Solms Delta hosts two museums. One of these, named Museum van de Caab with deference to Cape slave naming patterns, opened at the same time as the estate opened to the public in 2005, with a music museum opening in 2014. Acknowledgement of the past as a means of understanding how workers have been exploited over time is a crucial part of Solms’ project. Slavery is referenced in both museums, with songs as evidence of slave culture appearing in the music museum. In Museum van de Caab it forms a fundamental part of a general farm history which traces the story of the land to the origins of humankind. A memorial feature occupies a prominent position in one of two galleries, detailing the names of every person revealed by archival research to have been enslaved on the estate. Guided museum and estate tours are available, conducted by estate workers.
Founded in 1685, Groot Constantia is South Africa’s oldest wine estate. Like the majority of wine estates of a similar vintage in the Cape Town area, its labour force prior to emancipation in 1834 rested on enslavement. Following a vine disease outbreak in the late nineteenth century, the estate passed into government ownership. It is currently operated by the arms-length Groot Constantia Trust. The manor house was rebuilt in Cape Dutch style following a fire in 1925, and has operated as a preserved site since that time. The manor house passed into the control of the South African Cultural History Museum in 1969 and, as with other sites managed by the same entity, became part of southern state-funded umbrella Iziko Museums in 1998.

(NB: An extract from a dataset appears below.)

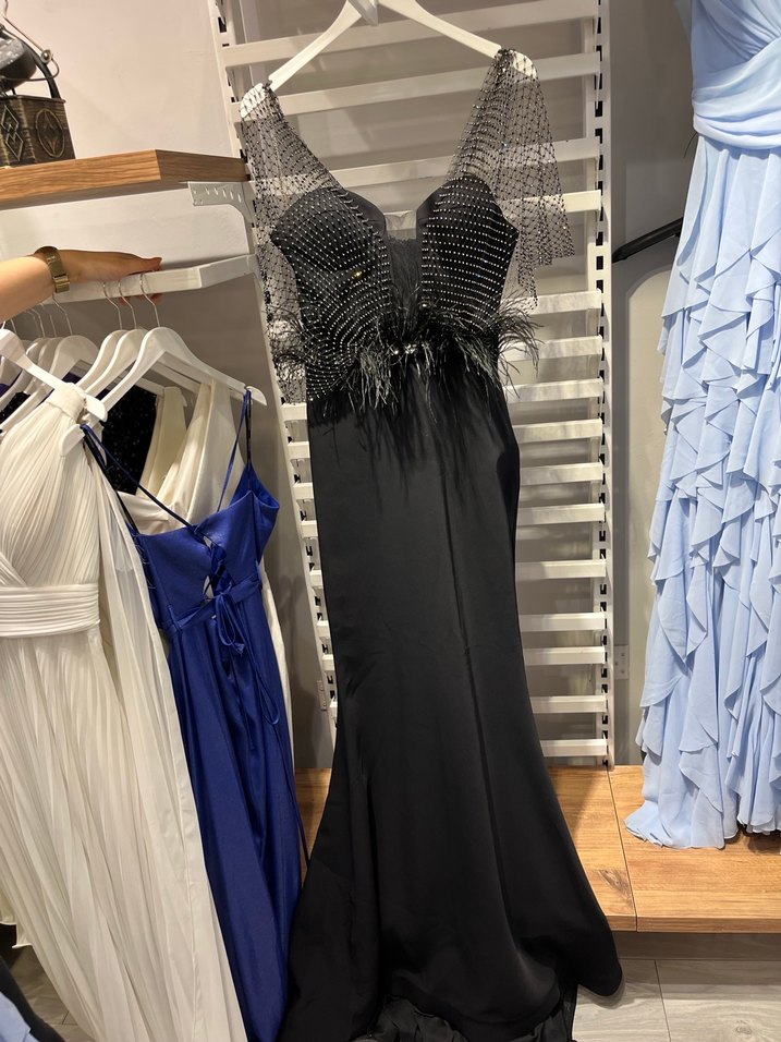 V yaka ve askılı, dökümlü ve desenli detaylara sahip siyah, vücuda oturan gotik abiye elbise. Parti için uygun. 38/40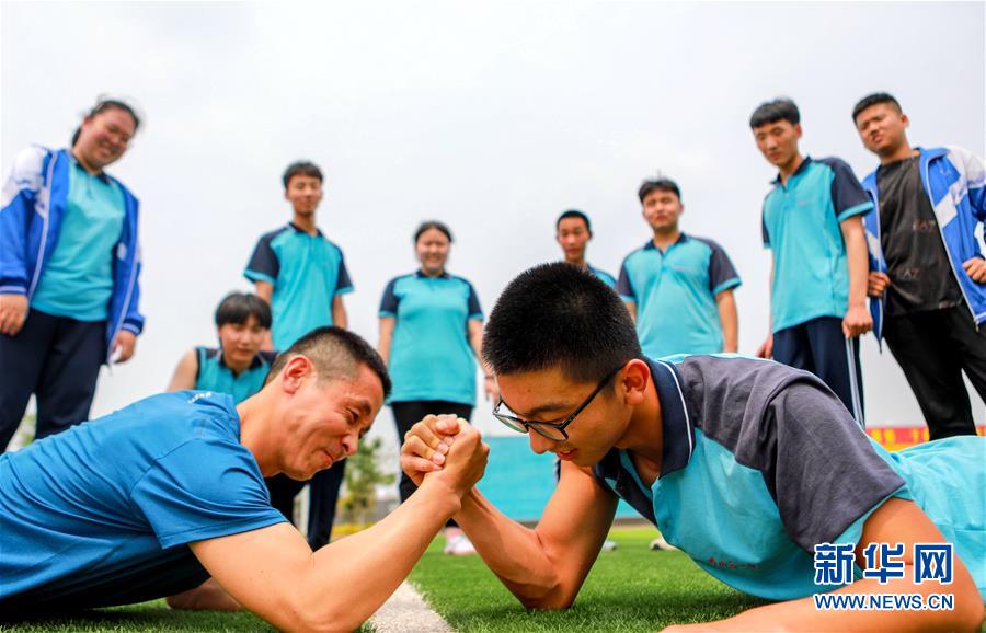6月22日,河北省邯鄲市邯山區(qū)第一中學(xué)的高三學(xué)生和老師進行“掰手腕”游戲。2020年高考臨近,河北省邯鄲市邯山區(qū)第一中學(xué)在積極做好高三學(xué)生復(fù)習(xí)備考的同時,開展多種形式的減壓活動,幫助學(xué)生釋放緊張情緒。新華社記者王曉攝

Iziko’s inauguration signalled a shift towards previously marginalised histories at all its sites, with Groot Constantia no different. A revised history of Groot Constantia paying greater attention to enslaved people was written by curator Thijs van der Merwe and published in 1997. Buildings which had potentially served either as stables and/or as slave quarters were repurposed as an Orientation Centre in October 2004. As the first heritage space which the visitor reaches upon arrival, displays in this building foreground the Cloete family – owners from 1779 to 1885 – as ‘farm owners and slave owners’. Drawn from archival research, their human transactions are listed, whilst the origins, names, and worked carried out by people enslaved at Groot Constantia are also listed. A panel is devoted to the ‘young servant boy’ Friday, whose ancestral origins are linked to the suppression of the slave trade by the British Royal Navy. The selection of this story can partially be attributed to the availability of suitable museological material, given that a photograph of Friday carrying Bonnie Cloete’s archery set is included.